» Records supplied:
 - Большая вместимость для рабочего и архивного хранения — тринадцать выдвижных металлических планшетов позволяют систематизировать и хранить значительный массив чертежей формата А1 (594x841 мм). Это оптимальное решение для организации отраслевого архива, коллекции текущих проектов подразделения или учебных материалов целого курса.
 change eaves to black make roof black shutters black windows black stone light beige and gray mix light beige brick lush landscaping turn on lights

---

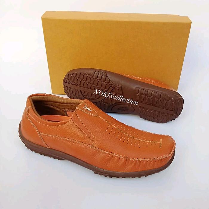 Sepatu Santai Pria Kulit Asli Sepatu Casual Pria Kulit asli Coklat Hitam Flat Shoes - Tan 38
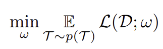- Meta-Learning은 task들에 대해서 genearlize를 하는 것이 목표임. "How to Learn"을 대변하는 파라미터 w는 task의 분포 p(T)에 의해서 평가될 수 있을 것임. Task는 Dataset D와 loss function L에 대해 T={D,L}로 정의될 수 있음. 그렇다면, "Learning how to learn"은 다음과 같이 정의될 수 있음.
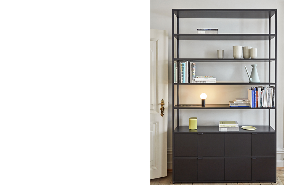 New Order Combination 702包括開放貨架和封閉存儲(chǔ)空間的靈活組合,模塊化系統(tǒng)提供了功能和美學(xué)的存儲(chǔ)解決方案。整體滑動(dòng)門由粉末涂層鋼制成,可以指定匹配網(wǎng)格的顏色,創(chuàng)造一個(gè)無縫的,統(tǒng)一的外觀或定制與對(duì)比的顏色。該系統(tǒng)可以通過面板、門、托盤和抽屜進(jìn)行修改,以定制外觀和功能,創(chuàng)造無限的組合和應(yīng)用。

» What is expected: Only one part of the material above is to be transcribed, namely the lines starting with the line that has "- Большая вместимость" and going on through the line that has "change eaves to", exactly as they stand.

» Response to the exercise:
 - Большая вместимость для рабочего и архивного хранения — тринадцать выдвижных металлических планшетов позволяют систематизировать и хранить значительный массив чертежей формата А1 (594x841 мм). Это оптимальное решение для организации отраслевого архива, коллекции текущих проектов подразделения или учебных материалов целого курса.
 change eaves to black make roof black shutters black windows black stone light beige and gray mix light beige brick lush landscaping turn on lights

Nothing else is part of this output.